Dernière validation :
le 30 octobre 2016, à 13:25

De A à Z

DE A à Z

Illustre rappel de mes émois.
Digne fleuve coulant en mes bras.
Ruisselles de charme, pur éclat,
Tu fus ma paix et mon eau de l’A.

Mort sentimentale du passé :
Cavité. En toi, je suis ton B.

Sous ta cape, d’amour embrasé,
J’ai su flotter outre mes faux C.


Vil destin nous ayant divisé ;
Projetant ses D pour mieux régner,
Coupant les ailes de ’’ feu ’’ nos vœux,
Brisant par-là l’oiseau et ses E.

Amas d’ossements, effervescents… Brûlés !
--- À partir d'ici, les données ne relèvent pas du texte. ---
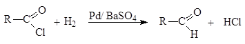 Хлорангидриды кислот могут быть превращены в альдегиды гидрированием в присутствии палладия, нанесенного на сульфат бария. Катализатор дезактивируют добавками хинолина с серой или тиомочевиной.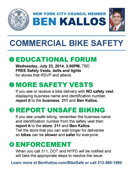 Safe biking is a top concern for pedestrians, motorists and cyclists alike. We held three forums on the issue and launched a Commercial Bike Safety program to educate and provide commercial cyclists with free safety vests, lights and bells. The program empowers you to call 311 and my office if you see commercial bikes, biking dangerously, or without vests, lights, bells, or identification numbers. In the warmer months, we will increase education and enforcement.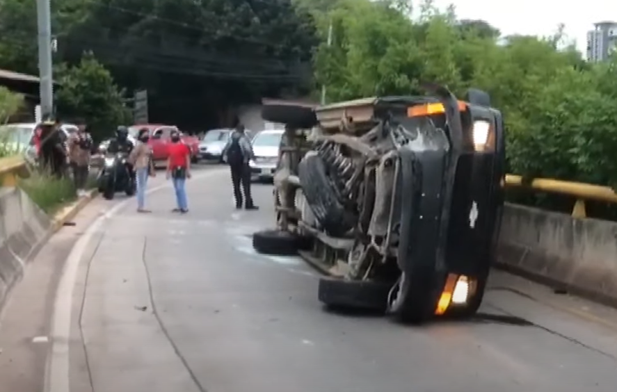 En horas de la tarde de este domingo se reportó el volcamiento de una camioneta en la salida a Valle de Ángeles en la capital.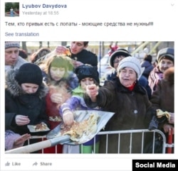 "Those who are used to eating from shovels do not need any detergents," a Facebook user wrote, pulling out a photo taken earlier this year in the southern city of Stavropol, where people were served traditional pancakes on shovel-blades during a celebration of Maslenitsa -- Russia's Mardi Gras.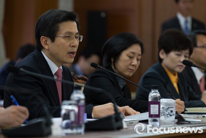 (서울=포커스뉴스) 29일 오전 서울 종로구 정부서울청사에서 열린 '제24차 국제개발협력위원회'에 자리한 황교안(왼쪽) 국무총리가 모두발언 하고 있다.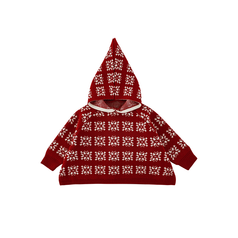 Young Yo-yo Girl Christmas Day Design Snowflake Jacquard Warm Sweater Children Tips Magic Witch Lian Hat Cape-Taobao
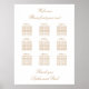 An elegant seating chart poster featuring stylish text in a golden shade of beige on traditional classic white. Please personalize the names of the couple and the names of the guests along with any of the other text that you may wish to personalize.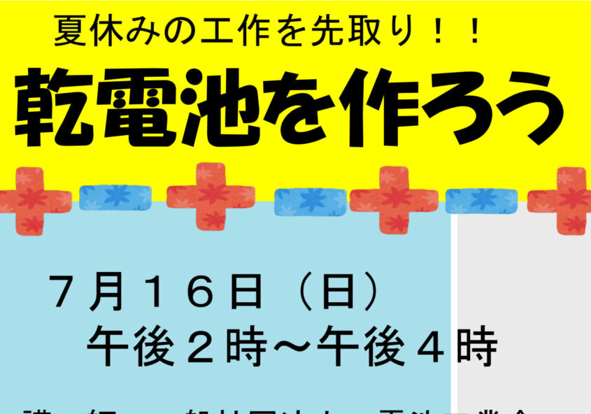 7月16日(日)14時から工作イベントを開催いたします!乾電池を…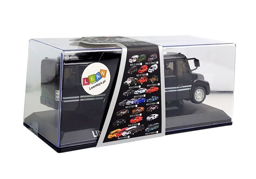 The box it is packed in will look nice on the shelf. The bus has a pull-back drive and is made of plastic with rubber tires. The interior of the car is reproduced with every detail that will resemble a real counterpart. On the sides of the black car there is a white inscription POLICE and characteristic stickers. The toy will awaken your child's great curiosity and one of these cars will certainly join his collection.

Mémoire de nos corps se nouant,
Que F est d’amour a su baigner
Par les caresses de nos passés :
Temps effilés… instants éthérés.

Moite saison… pour carcasses à G.


Aujourd’hui aussi je me souviens
De cette H de fer cruelle ;
Fêlant l’instant, foulant nos destins
Polis d’une passion I née : frêle.

A présent nu dans mes provinces,
Lugubres néants où J mon corps,
Leurs K lames sont un sévice
Réprimant ma vue du réconfort.
Dans ce paysage naturel,
Sinistré, je cherche en vain les L
Libératrices, obsédantes…

… Pour errer loin de mon M hante.

Combat ardu contre la N,
Alliée fiévreuse de la peine,
Je tends à épurer ce venin
M’ouvrant les yeux sur un flux de boue ;
O troubles me noyant jusqu’au cou.

Les P, à présent en mes desseins,
Rendent désuets mes bas acquêts :
Rejets tant hurlés par mon chagrin ;
Q veau sec de mon affect abstrait.


Je ressens une pression…

Çà et là, les lianes se resserrent
Dans cette jungle, Ô sombre profond.

Ça y est, j’étouffe !
Sous cette impulsion sévère,
Je me ploie… elle m’engouffre !
Mon alphabet me perd et j’évolue vers une autre R.
Mon S prit épris ne veut pas saut T
En ce paradis où, un jour,
Nous serons sans doute U ni.
Mais,
Je m’en V…

Dès lors, le W n’a plus de sens.
Forme X ou Y, en dent de scie,
Il ne demeure que le croisement
Bourbeux d’instants perdus, révolus ;
Qui m’abandonnent les pieds dans ma lie.

Dernier souffle…

Ma vision s’obscurcit.
Je ne sens plus la douleur
Dans cette noirceur
Qui me camoufle de l’ennui.

Ultime pensée…

Quoi qu’il m’arrive après cette nuit,
Suite à ma chute au fond de ce puits,
L’espoir sera de voir nos débris poudreux,
De leurs cendres, renaître radieux.

Enfin,
Je m’évanouis…


A mon réveil, comme à chaque aube,
Les yeux saignants et l’âme fade,
Le jour me rappelle cette ode
Résonnante telle une fable :

’’ Du A d’amour au Z de Zeina,
Entre nos passions et désarrois,
S’est présenté un chemin de croix
Qui nous sépare, toi et moi,
D’un unique et singulier pas. ’’


Dans mon essor, une seule traverse :
Aspiration naïve, fruit de la détresse.

Pour toi princesse,
Et en guise d’exutoire,
De A à Z
et
’’ à vie, à mort ’’,
J’aimerai encore pouvoir te livrer


Tes lettres de noblesse.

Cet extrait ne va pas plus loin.